Check_Dupe_Columns
checks for duplicated columns, columns with the same values, and columns with single value. Currently not updated for multi-terms
Arguments
- df
a data.table containing the columns of interest
- cols
columns to check
- term_n
term numbers for each element of the model
- verbose
integer valued 0-4 controlling what information is printed to the terminal. Each level includes the lower levels. 0: silent, 1: errors printed, 2: warnings printed, 3: notes printed, 4: debug information printed. Errors are situations that stop the regression, warnings are situations that assume default values that the user might not have intended, notes provide information on regression progress, and debug prints out C++ progress and intermediate results.
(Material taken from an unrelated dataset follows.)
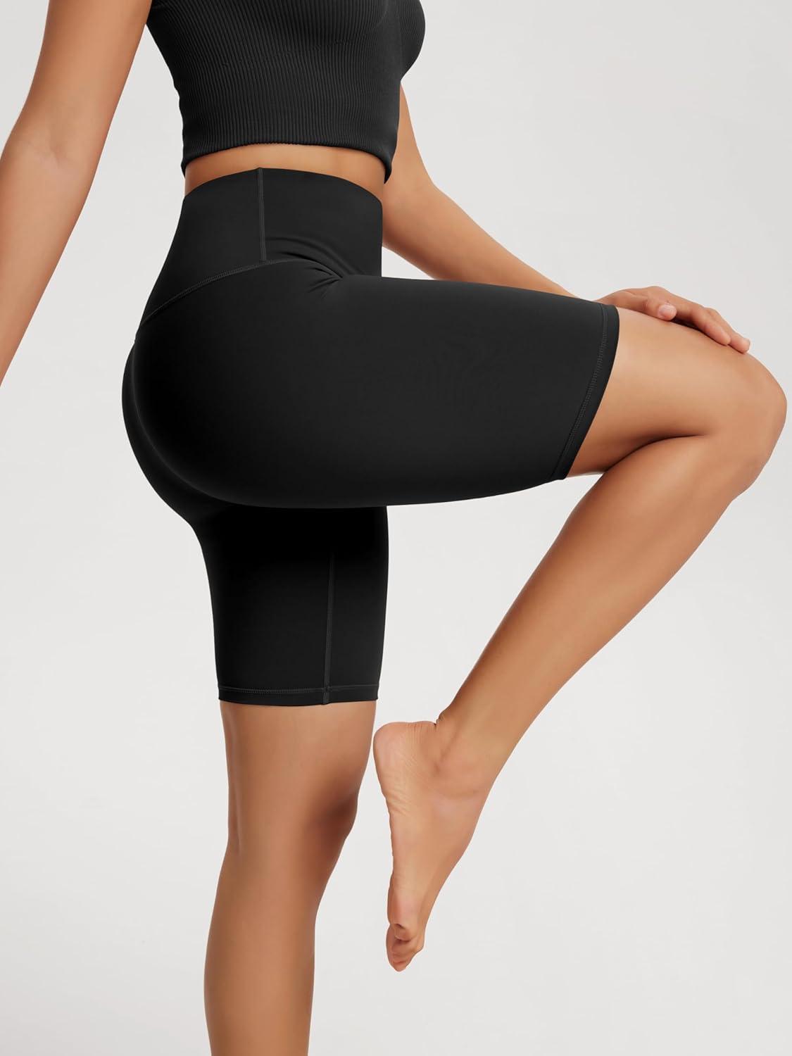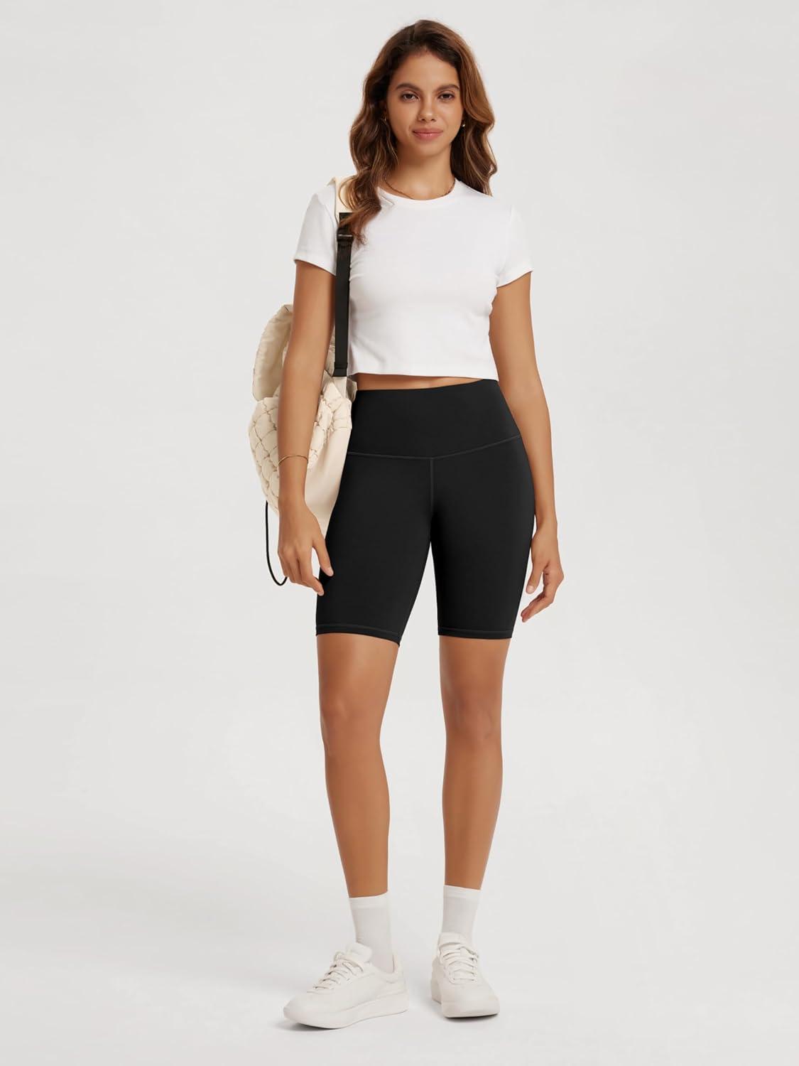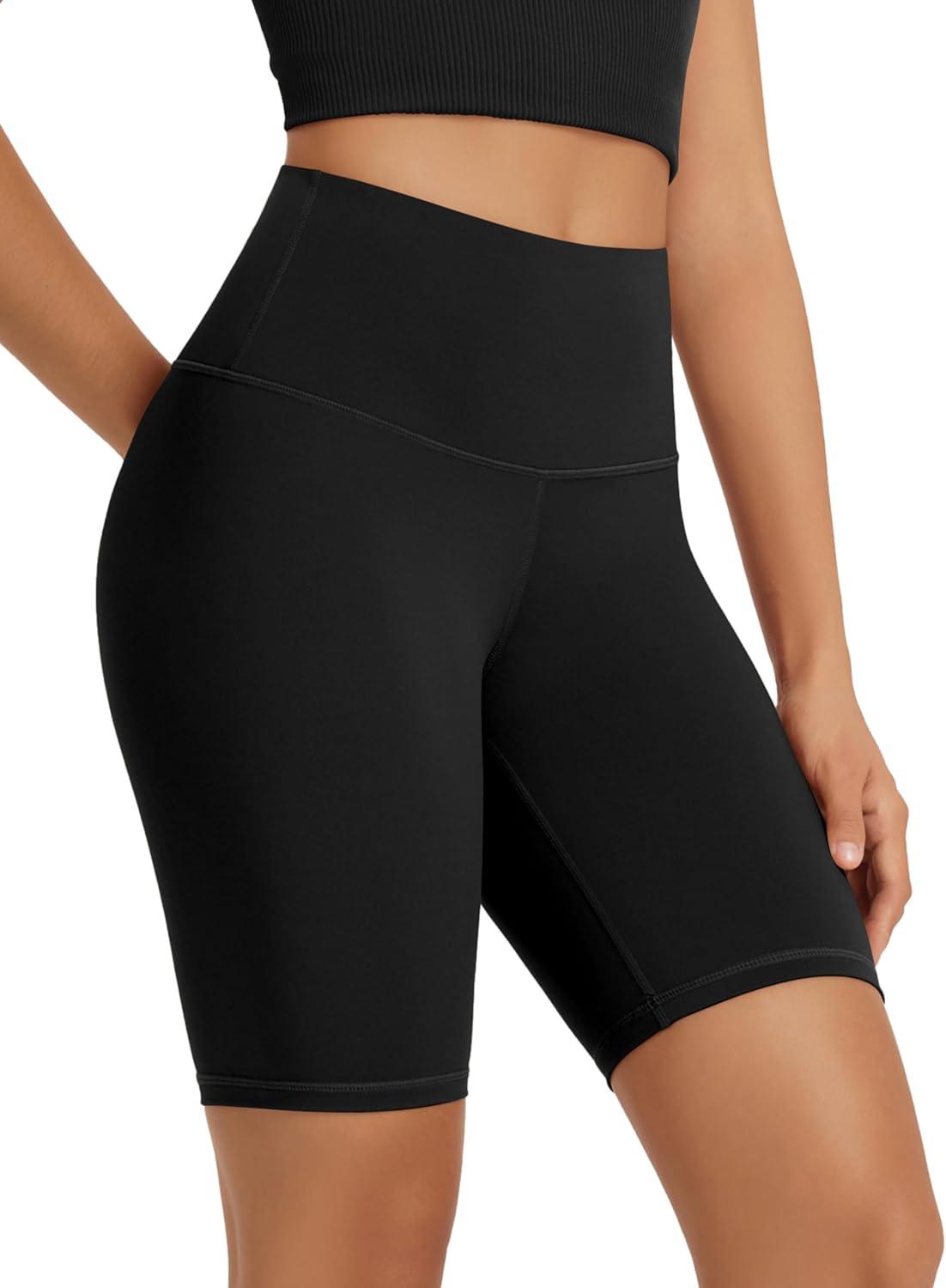 ODODOS High Waist Workout Shorts for Women Tummy Control Workout Gym Athletic Biker Shorts-6″/8″ Inseam(Black)

The default level is 2 and True/False is converted to 3/0.
- factor_check
a boolean used to skip comparing columns of the form ?_? with the same initial string, which is used for factored columns
See also
Other Data Cleaning Functions:
Check_Trunc()
,
Check_Verbose()
,
Convert_Model_Eq()
,
Correct_Formula_Order()
,
Date_Shift()
,
Def_Control()
,
Def_Control_Guess()
,
Def_model_control()
,
Def_modelform_fix()
,
Event_Count_Gen()
,
Event_Time_Gen()
,
Joint_Multiple_Events()
,
Replace_Missing()
,
Time_Since()
,
factorize()
,
factorize_par()
,
gen_time_dep()
,
interact_them()
Examples
library(data.table)
a <- c(0, 1, 2, 3, 4, 5, 6)
b <- c(1, 2, 3, 4, 5, 6, 7)
c <- c(0, 1, 2, 1, 0, 1, 0)
df <- data.table::data.table("a" = a, "b" = b, "c" = c)
cols <- c("a", "b", "c")
term_n <- c(0, 0, 1)
unique_cols <- Check_Dupe_Columns(df, cols, term_n)